> _Records for this task_
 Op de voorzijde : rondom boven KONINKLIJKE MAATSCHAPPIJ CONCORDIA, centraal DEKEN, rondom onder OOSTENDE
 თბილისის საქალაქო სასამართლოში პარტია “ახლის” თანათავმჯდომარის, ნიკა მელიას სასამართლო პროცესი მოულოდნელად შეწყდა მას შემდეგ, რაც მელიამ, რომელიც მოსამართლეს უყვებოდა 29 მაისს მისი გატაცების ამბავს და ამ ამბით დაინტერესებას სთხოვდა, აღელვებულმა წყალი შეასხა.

* * *

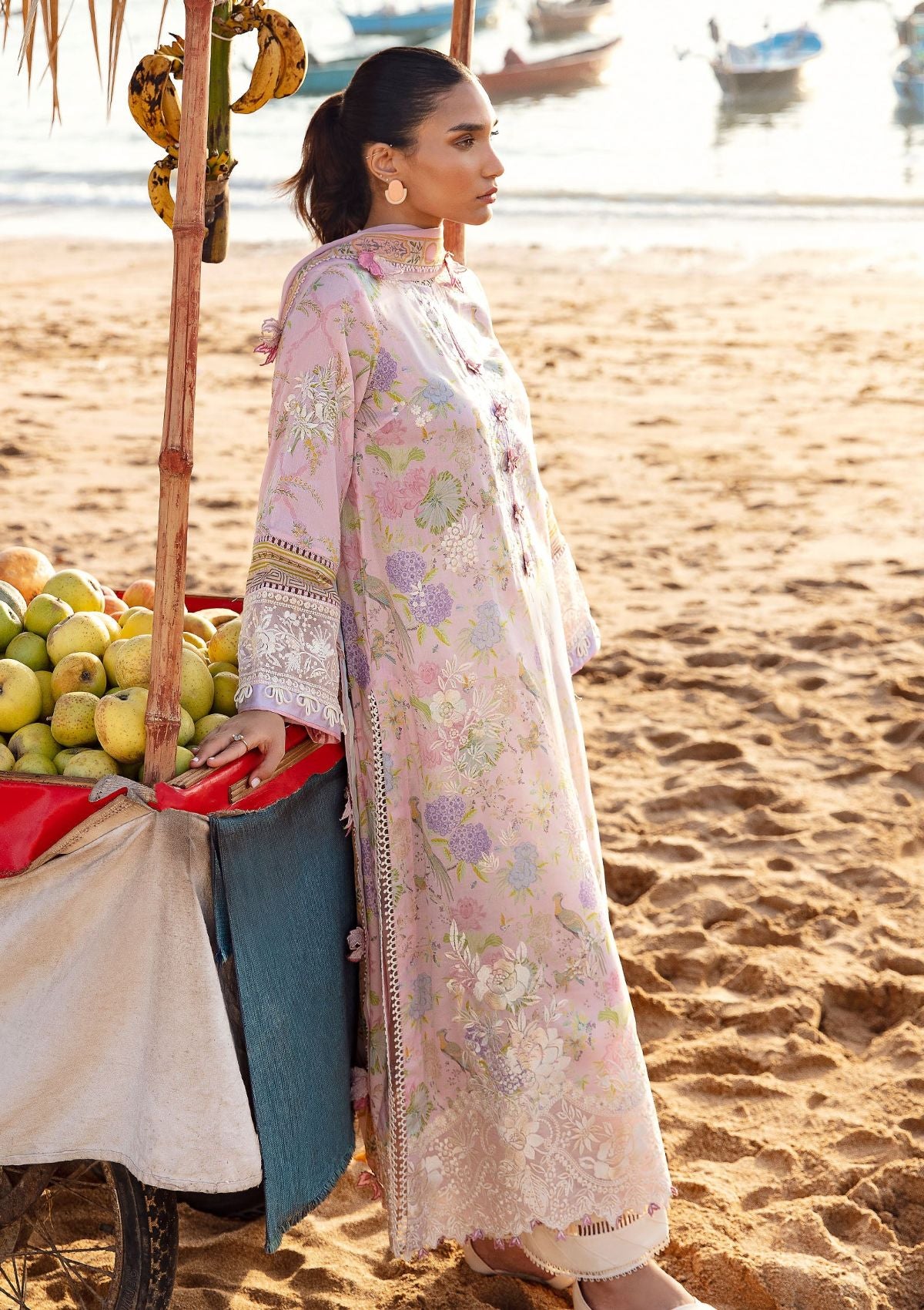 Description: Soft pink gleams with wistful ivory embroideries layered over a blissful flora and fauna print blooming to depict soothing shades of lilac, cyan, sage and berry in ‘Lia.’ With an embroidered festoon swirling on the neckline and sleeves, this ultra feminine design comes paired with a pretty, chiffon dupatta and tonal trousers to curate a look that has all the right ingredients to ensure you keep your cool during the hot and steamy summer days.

> _Requirement_
The required output is the stretch of entries above from the line containing "Op de voorzijde" through the line containing "თბილისის საქალაქო სასამართლოში", reproduced exactly.

> _Answer below_
 Op de voorzijde : rondom boven KONINKLIJKE MAATSCHAPPIJ CONCORDIA, centraal DEKEN, rondom onder OOSTENDE
 თბილისის საქალაქო სასამართლოში პარტია “ახლის” თანათავმჯდომარის, ნიკა მელიას სასამართლო პროცესი მოულოდნელად შეწყდა მას შემდეგ, რაც მელიამ, რომელიც მოსამართლეს უყვებოდა 29 მაისს მისი გატაცების ამბავს და ამ ამბით დაინტერესებას სთხოვდა, აღელვებულმა წყალი შეასხა.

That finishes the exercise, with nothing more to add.